Мне, конечно, не хочется умереть, и сказать, что я умираю охотно, было бы с моей стороны ложью, но это последнее обстоятельство пусть не бросает тени на мою веру и стойкость моих убеждений: вспомните, что самым высшим примером человеколюбия и самопожертвования был, без сомнения, Спаситель; однако и он молился: «и да минует меня чаша сия». Следовательно, как могу и я не молиться о том же? Тем не менее и я, подобно ему, говорю себе: «если иначе нельзя, если для того, чтобы восторжествовал социализм, необходимо, чтобы пролилась кровь моя, если переход из настоящего строя в лучший не возможен иначе, как только перешагнувши через наши трупы, то пусть наша кровь проливается, пусть она падет искуплением в пользу человечества; а что наша кровь послужит удобрением для той почвы, на которой взойдет семя социализма, что социализм восторжествует и восторжествует скоро, – это моя вера! » Тут опять вспоминаю слова Спасителя: «истинно говорю вам, что многие из находящихся здесь не вкусят смерти, как настанет царствие небесное», – я в этом убежден, как убежден в том, что земля движется. И когда я взойду на эшафот и веревка коснется моей шеи, то последняя моя мысль будет: «и все‑ таки она движется, и никому в мире не остановить ее движения! »

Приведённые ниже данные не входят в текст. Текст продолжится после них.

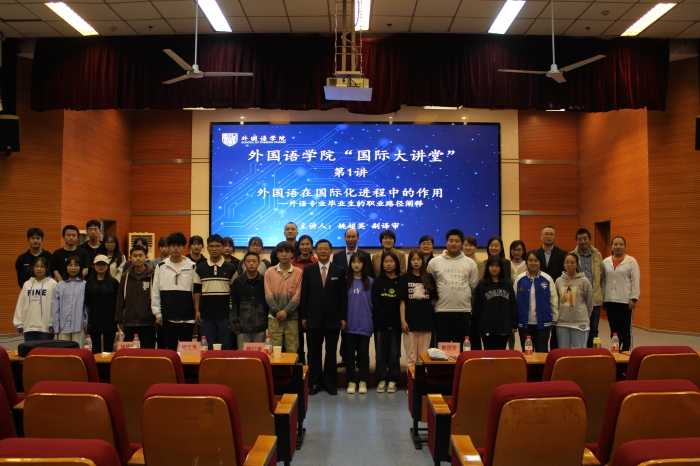 4月26日下午,应外国语学院邀请,陕西省商务厅原党组书记、厅长姚超英以 “外国语在国际化进程中的作用---外语专业毕业生的职业路径阐释”为题,在明德楼A区报告厅为今年会师生做“国际大讲堂”首场讲座。约三百余名师...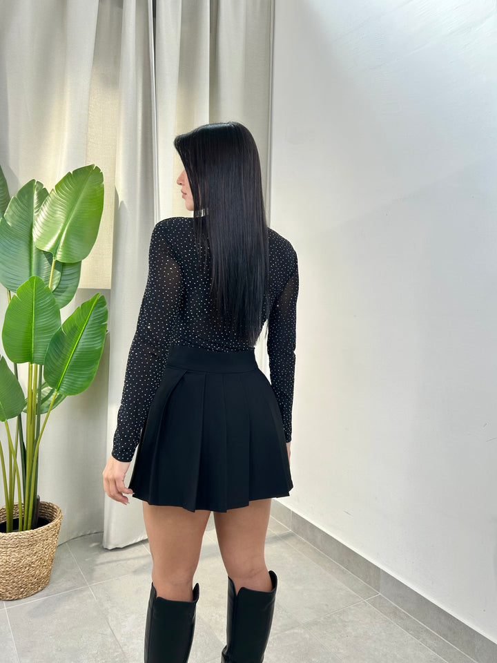 -Gonnellina plissettata in cotone elasticizzato con bottoni centrali e pantaloncino cucito sotto;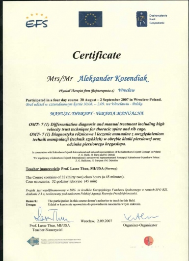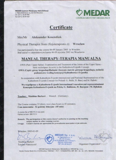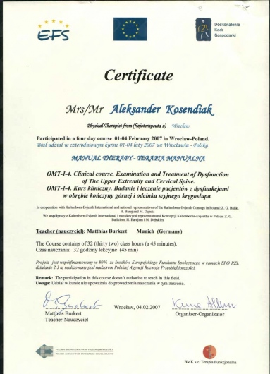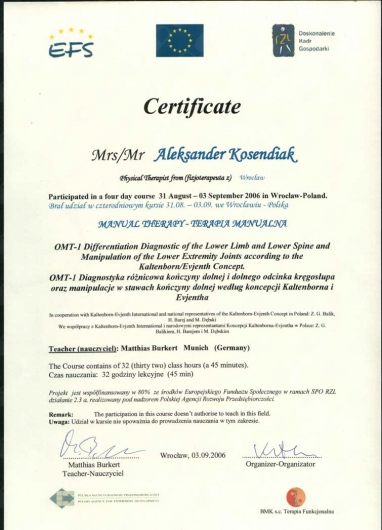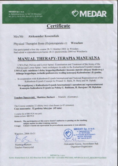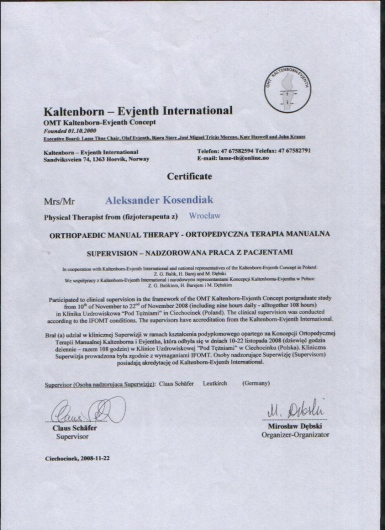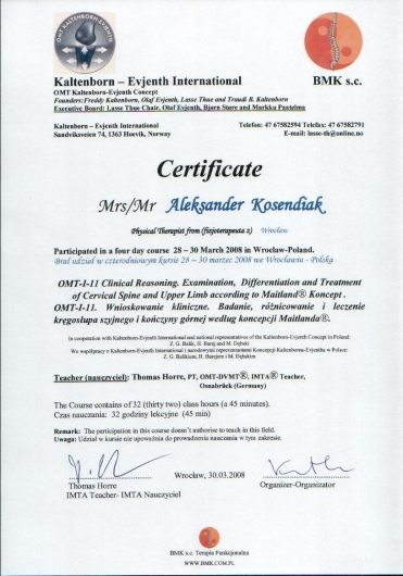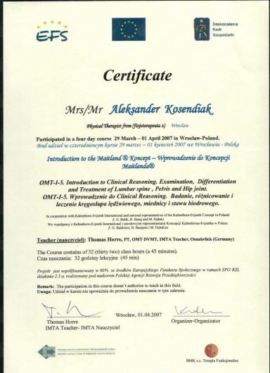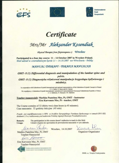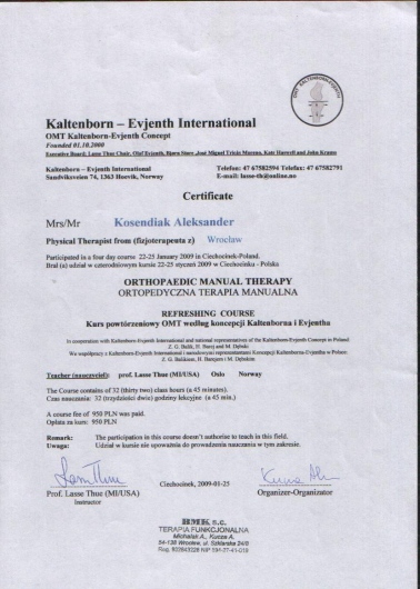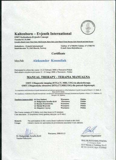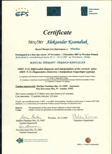 2009 - Ortopedyczny Fizjoterapeuta Manualny (OMT) - (ok. 1000 godz. szkoleń)

Р. S. Специальное послание к***

Если ты придаешь какое‑ либо значение моей воле, если считаешь священным мое последнее желание, то оставь всякую мысль о мести: «прости им, не знают бо, что творят». Это также знамение времени: ум их помутился, они видят, что скоро настанет другое время, и не знают, как отвратить его. Еще раз прошу тебя, оставь всякую мысль о мести!

 

Речь М. П. Овчинникова[204] в Киевском военно‑ окружном суде (7 июля 1879 г. )

Овчинников: Гг. судьи! Много народу погибло в России в течение последних лет – и по суду, и без суда! И народ все различный: разных полов, разных возрастов, разных званий и состояний, от профессора до гимназиста, от ученого до еле грамотного, от князя до рабочего, крестьянина. Но, несмотря на многочисленность этих жертв, теперь, гг. судьи, перед вами первый пример в своем роде. Гг. прокуроры, желая опозорить, унизить русских революционеров‑ социалистов, ни перед чем не останавливаются и с особенной любовью набрасываются на те случаи, где, по их мнению, можно бросить камень в прошлое социалиста, где для них представляется хоть малейшая возможность представить в черном виде нравственный облик подсудимого. […]

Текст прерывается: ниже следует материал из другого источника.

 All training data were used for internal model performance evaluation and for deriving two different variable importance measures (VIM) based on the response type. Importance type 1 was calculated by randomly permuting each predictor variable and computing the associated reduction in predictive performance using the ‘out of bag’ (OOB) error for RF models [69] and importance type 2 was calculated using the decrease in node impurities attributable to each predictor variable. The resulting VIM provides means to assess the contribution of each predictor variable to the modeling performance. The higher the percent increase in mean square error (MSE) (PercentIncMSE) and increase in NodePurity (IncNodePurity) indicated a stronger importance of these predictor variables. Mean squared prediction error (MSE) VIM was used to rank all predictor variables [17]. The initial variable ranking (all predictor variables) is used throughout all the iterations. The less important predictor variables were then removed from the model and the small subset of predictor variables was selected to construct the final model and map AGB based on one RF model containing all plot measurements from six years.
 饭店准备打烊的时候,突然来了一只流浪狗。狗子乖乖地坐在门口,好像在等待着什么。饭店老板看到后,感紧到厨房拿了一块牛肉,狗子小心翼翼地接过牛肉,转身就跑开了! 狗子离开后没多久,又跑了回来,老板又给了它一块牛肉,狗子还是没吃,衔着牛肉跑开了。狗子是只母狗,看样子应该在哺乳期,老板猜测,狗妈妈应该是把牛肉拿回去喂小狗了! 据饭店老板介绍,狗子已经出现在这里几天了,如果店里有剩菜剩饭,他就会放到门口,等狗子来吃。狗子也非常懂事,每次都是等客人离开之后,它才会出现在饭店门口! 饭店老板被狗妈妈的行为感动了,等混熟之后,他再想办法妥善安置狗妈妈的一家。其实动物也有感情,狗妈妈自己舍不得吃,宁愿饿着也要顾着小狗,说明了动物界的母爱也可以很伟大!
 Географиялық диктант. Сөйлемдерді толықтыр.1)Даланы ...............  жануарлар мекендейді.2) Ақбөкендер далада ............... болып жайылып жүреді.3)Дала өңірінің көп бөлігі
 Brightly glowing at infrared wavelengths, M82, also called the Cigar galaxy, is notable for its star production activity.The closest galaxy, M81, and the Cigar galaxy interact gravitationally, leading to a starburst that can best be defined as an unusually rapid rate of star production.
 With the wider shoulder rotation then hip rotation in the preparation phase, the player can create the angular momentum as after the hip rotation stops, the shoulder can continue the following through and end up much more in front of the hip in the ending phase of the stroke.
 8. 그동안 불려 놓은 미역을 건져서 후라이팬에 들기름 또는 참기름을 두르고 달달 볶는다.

Да, я вовсе не скрываю, что я был избалованным, испорченным мальчишкой; но что я был таким – виновата та среда, в которую меня бросили. Будучи 12‑ летним мальчиком, я за то, что обругал околоточного и какого‑ то господина, которые заподозрили меня в неблаговидном поступке, по решению Палаты попал на 7 дней в тюрьму. От природы был я очень впечатлительный; понятно, думаю, как могла отразиться на моей нравственности тюремная атмосфера. Когда в 1878 г. я опять попал в тюрьму в качестве подсудимого, то обратил на себя внимание одного из содержавшихся тогда политических арестантов. Частые беседы с ним открыли мне новый, неведомый доселе мир, открыли всю пошлость моей прошлой жизни; под его влиянием я переродился и сделался самым ревностным приверженцем социализма. Прежде я пренебрегал нравственностью, был эгоистичен, готов был принесть все в жертву своей личной выгоде; теперь я решил посвятить всю жизнь на служение правде и народному делу, отречься от всяких личных выгод, все личное пожертвовать этому делу. Счастье и благо народное, торжество света и правды – вот теперь единственная цель моей жизни. Да, гг. судьи! я уже не тот Овчинников, каким был, когда мне было 15 лет; между моим прошлым и настоящим нет ничего общего. Если прежняя моя жизнь оставила по себе след, так это именно то озлобление, какое я чувствую к правительству за унижения, каким оно подвергало в детстве; озлобление тем более сильное, что я теперь прекрасно сознаю, что меньше всего ответственность за мои поступки в детстве ложится на меня лично. […]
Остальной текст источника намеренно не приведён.